Bahraini security forces on Tuesday raided the home of prominent Shiite cleric Sheikh Isa Qassim in the village of Diraz. Demonstrators had been taking part in a sit-in outside Qassim’s after authorities revoked the cleric’s citizenship last year on vague charges of aiding a foreign state.

Bahrain’s suppression of human rights and violent put-down of protests has created tensions with the U.S in the past. Former President Barack Obama’s administration advocated for reforms and restricted some arms sales. But Trump has taken a different approach, appearing to ignore human rights concerns in dealings with Bahrain, potentially giving the kingdom a free hand to quell dissent.

Trump met with Bahrain’s King Hamad bin Isa Al Khalifa on Sunday, and pledged more amicable relations.

“Our countries have a wonderful relationship together, but there has been a little strain, but there won’t be strain with this administration,” Trump said during the meeting.

The raid continues a crackdown on dissidents by Bahrain’s Sunni authorities, who have targeted activists and prominent members of the country’s Shiite majority since political uprisings swept the region in 2011.

U.S. President Donald Trump shakes hands with Bahrain's King Hamad bin Isa Al Khalifa at the Gulf Cooperation Council leaders summit in Riyadh, May 21, 2017.
U.S. President Donald Trump shakes hands with Bahrain's King Hamad bin Isa Al Khalifa at the Gulf Cooperation Council leaders summit in Riyadh, May 21, 2017.
Handout . / Reuters

The shift in White House rhetoric on Bahrain continues Trump’s conciliatory line on strongmen and authoritarian governments that have shared interests with Washington. During Trump’s visit to Saudi Arabia last weekend, he praised a Saudi airstrike campaign in Yemen that has killed thousands of civilians, and complimented Egypt’s President Abdel Fattah al-Sisi for “doing a tremendous job.”

Trump’s first foreign visit has seen a prominent focus on securing arms deals and bolstering support for regional powers that want to constrain Iran. Trump announced Saturday that he had struck a $110 billion sale of arms to Saudi Arabia.

In late March, Secretary of State Rex Tillerson decided to waive human rights conditions on the sale of F-16 fighter jets to Bahrain. The Obama administration struck the deal, worth billions, with the caveat that Bahrain refrain from certain rights abuses.
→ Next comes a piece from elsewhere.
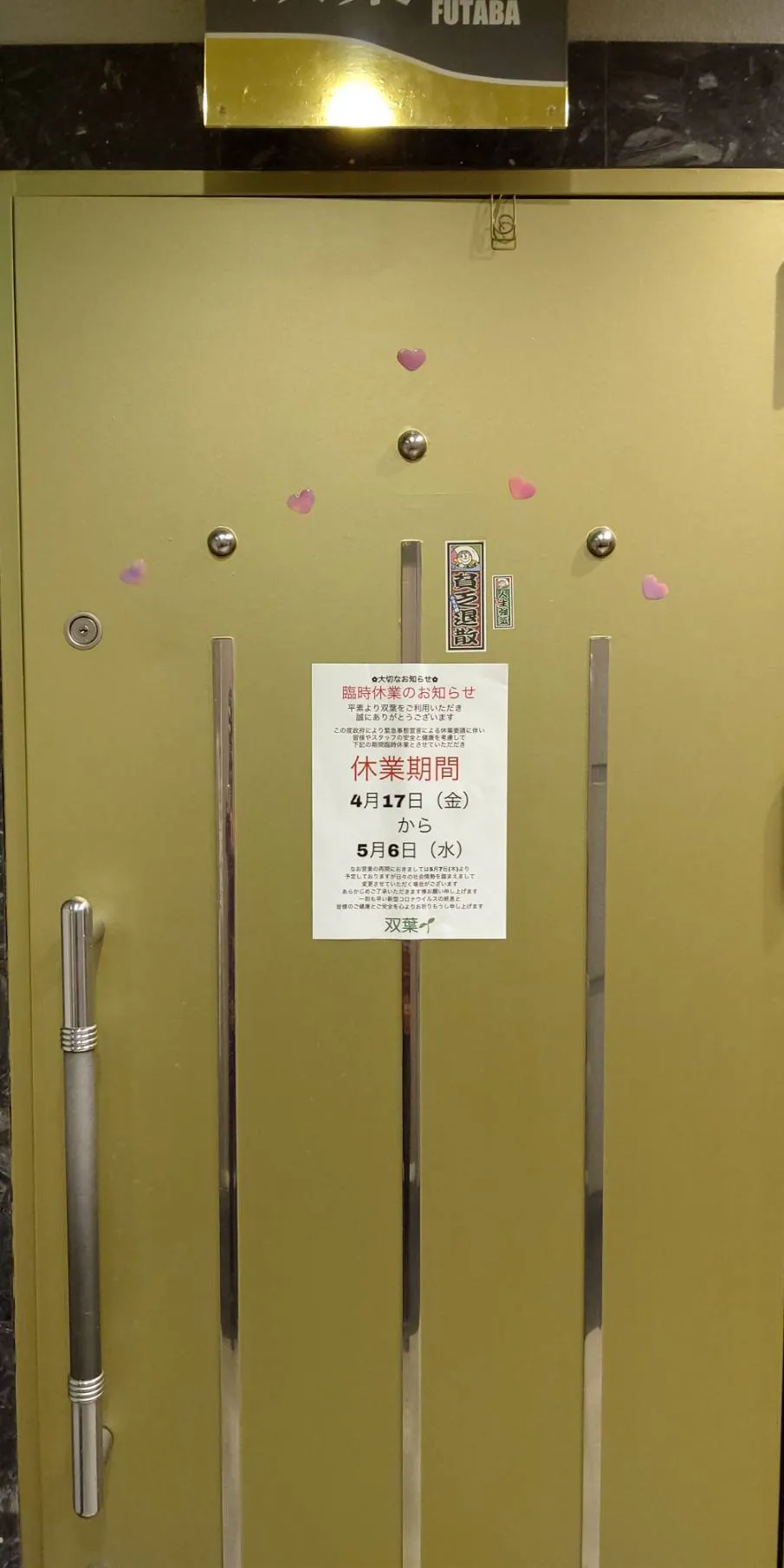 新型コロナウイルスの感染拡大防止の為双葉は営業を自粛する決断に至りました。

Human rights groups condemned the Trump administration’s move to remove those assurances, saying that it would give Bahrain a green light to ramp up repression.
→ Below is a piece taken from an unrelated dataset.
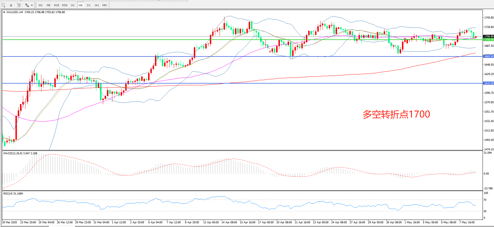 交易策略:  在1700.00 之上看涨,目标1750.00   1785.00

Human Rights Watch issued a statement following Tuesday’s raid in Bahrain, saying that the timing of the operation, two days after Trump’s friendly meeting, “can hardly be a coincidence.”

Although the U.S. has a long history of looking the other way on human rights when it is strategically or economically beneficial, the Trump administration has at times signaled that it is willing to do away with even the most milquetoast of condemnations if it could jeopardize potential deals.

Tillerson summarized the White House view in a speech this month to State Department employees, in which he said that putting too heavy of an emphasis on other nations accepting American values “really creates obstacles to our ability to advance our national security interests, our economic interests.” Despite that sentiment, he claimed that the U.S. would not leave its values on the sidelines.